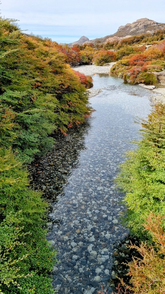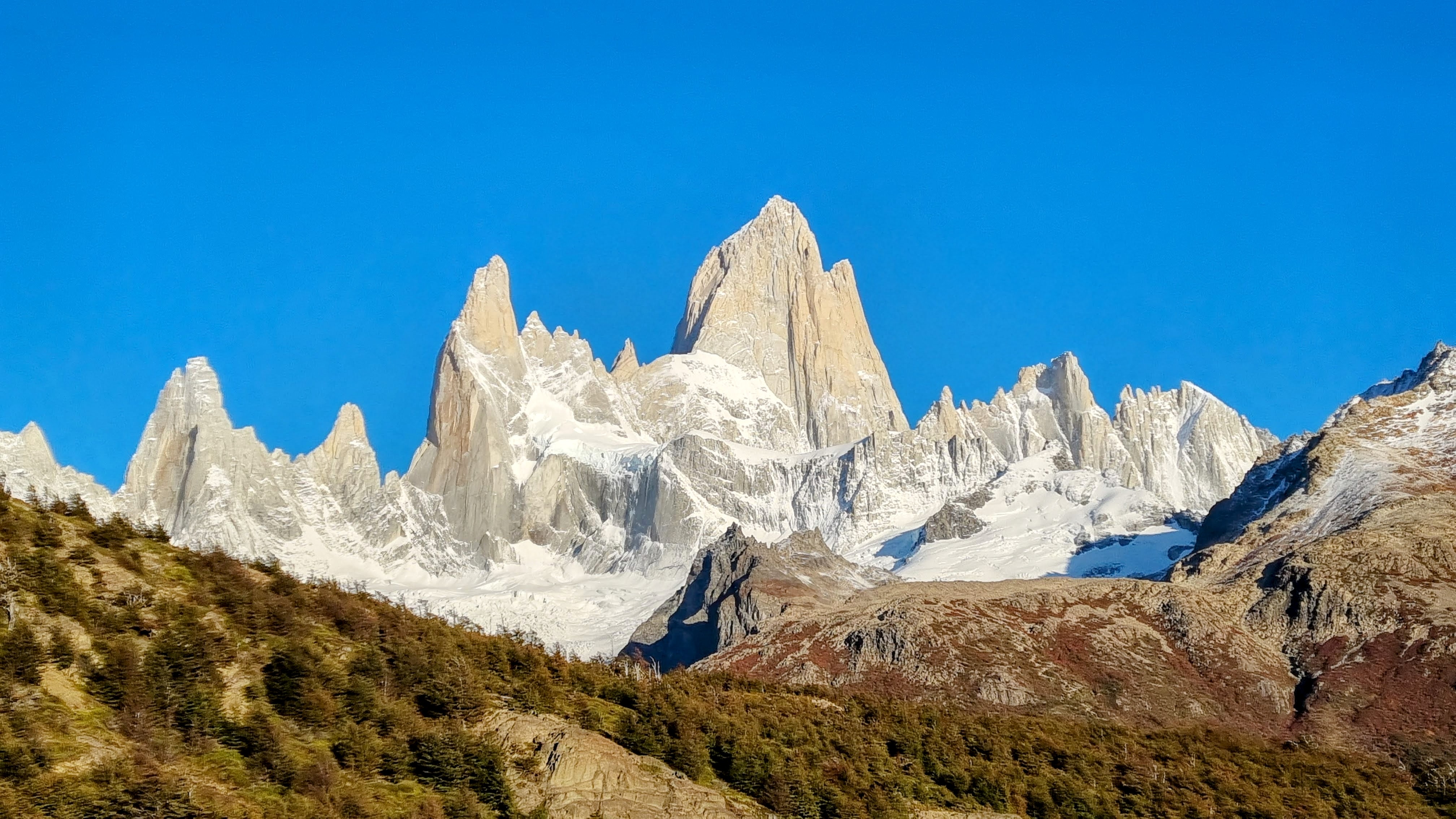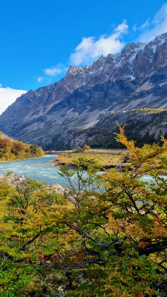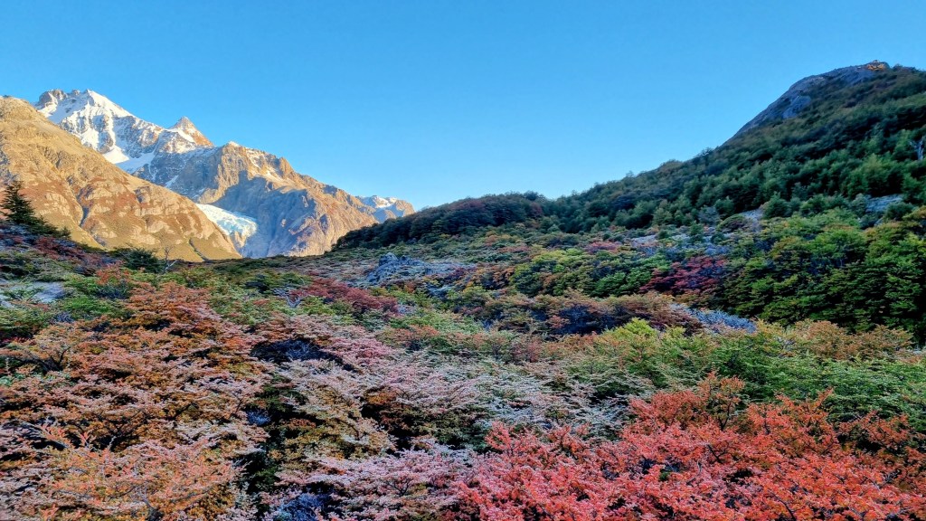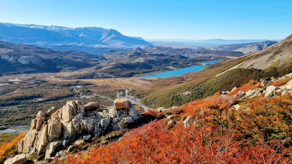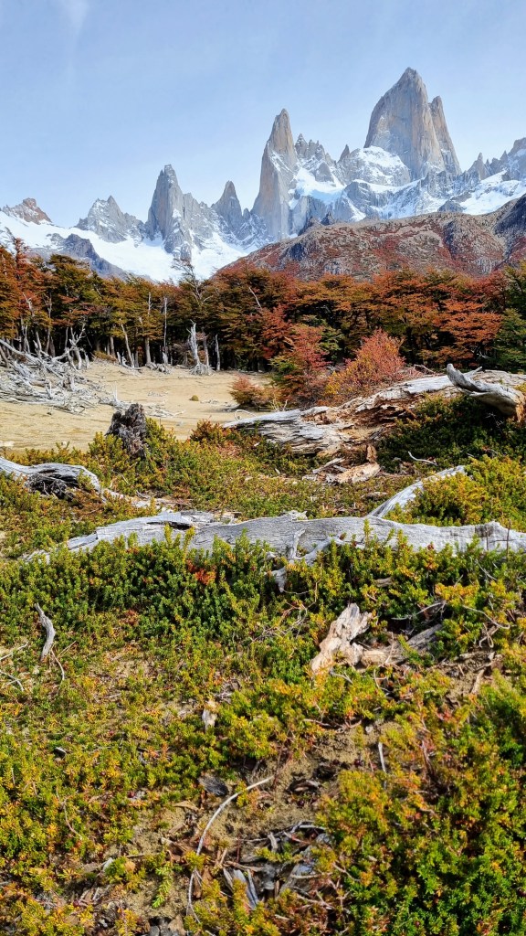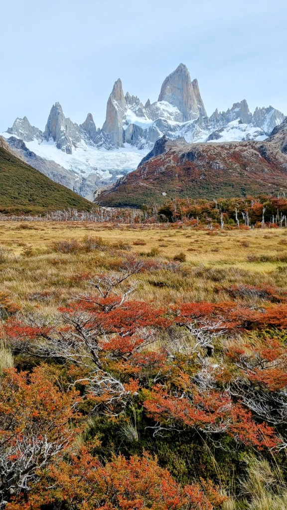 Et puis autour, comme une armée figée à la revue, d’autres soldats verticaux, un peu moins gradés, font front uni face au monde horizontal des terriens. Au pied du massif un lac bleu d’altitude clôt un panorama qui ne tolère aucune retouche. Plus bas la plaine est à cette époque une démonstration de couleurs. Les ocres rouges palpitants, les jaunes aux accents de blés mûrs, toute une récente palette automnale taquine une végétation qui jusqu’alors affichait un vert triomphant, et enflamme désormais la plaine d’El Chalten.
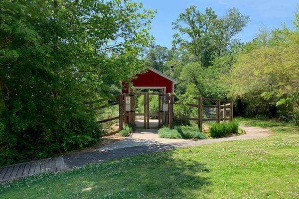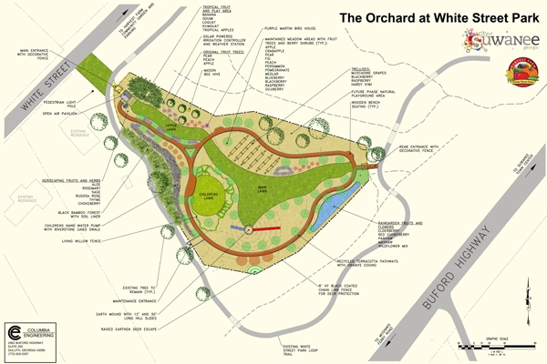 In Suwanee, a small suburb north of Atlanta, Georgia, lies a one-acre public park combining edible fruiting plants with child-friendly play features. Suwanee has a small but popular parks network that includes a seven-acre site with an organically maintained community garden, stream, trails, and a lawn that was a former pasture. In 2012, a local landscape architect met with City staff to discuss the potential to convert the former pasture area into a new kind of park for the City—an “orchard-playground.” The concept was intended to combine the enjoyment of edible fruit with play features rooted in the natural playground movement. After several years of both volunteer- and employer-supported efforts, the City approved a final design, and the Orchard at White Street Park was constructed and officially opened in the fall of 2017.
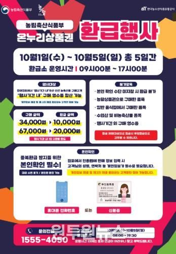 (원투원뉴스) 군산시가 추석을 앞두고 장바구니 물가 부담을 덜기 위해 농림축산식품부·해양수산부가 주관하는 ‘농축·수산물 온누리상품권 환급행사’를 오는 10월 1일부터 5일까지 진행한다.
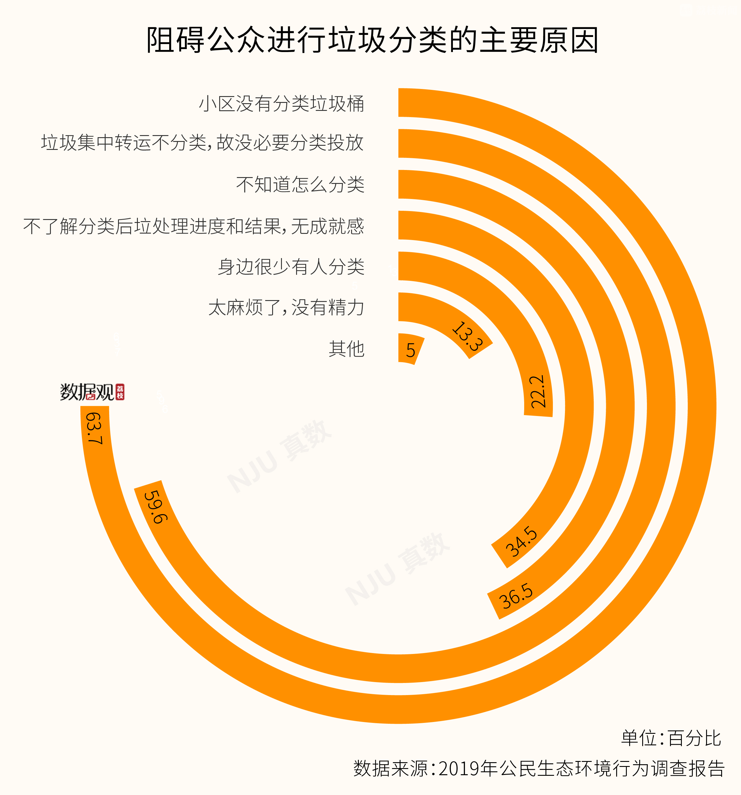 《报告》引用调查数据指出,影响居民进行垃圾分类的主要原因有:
-------
Instructions for the task — Once the pictures are set aside, give the rest of the material again unchanged.

Answer to the exercise —
 Et puis autour, comme une armée figée à la revue, d’autres soldats verticaux, un peu moins gradés, font front uni face au monde horizontal des terriens. Au pied du massif un lac bleu d’altitude clôt un panorama qui ne tolère aucune retouche. Plus bas la plaine est à cette époque une démonstration de couleurs. Les ocres rouges palpitants, les jaunes aux accents de blés mûrs, toute une récente palette automnale taquine une végétation qui jusqu’alors affichait un vert triomphant, et enflamme désormais la plaine d’El Chalten.
 In Suwanee, a small suburb north of Atlanta, Georgia, lies a one-acre public park combining edible fruiting plants with child-friendly play features. Suwanee has a small but popular parks network that includes a seven-acre site with an organically maintained community garden, stream, trails, and a lawn that was a former pasture. In 2012, a local landscape architect met with City staff to discuss the potential to convert the former pasture area into a new kind of park for the City—an “orchard-playground.” The concept was intended to combine the enjoyment of edible fruit with play features rooted in the natural playground movement. After several years of both volunteer- and employer-supported efforts, the City approved a final design, and the Orchard at White Street Park was constructed and officially opened in the fall of 2017.
 (원투원뉴스) 군산시가 추석을 앞두고 장바구니 물가 부담을 덜기 위해 농림축산식품부·해양수산부가 주관하는 ‘농축·수산물 온누리상품권 환급행사’를 오는 10월 1일부터 5일까지 진행한다.
 《报告》引用调查数据指出,影响居民进行垃圾分类的主要原因有:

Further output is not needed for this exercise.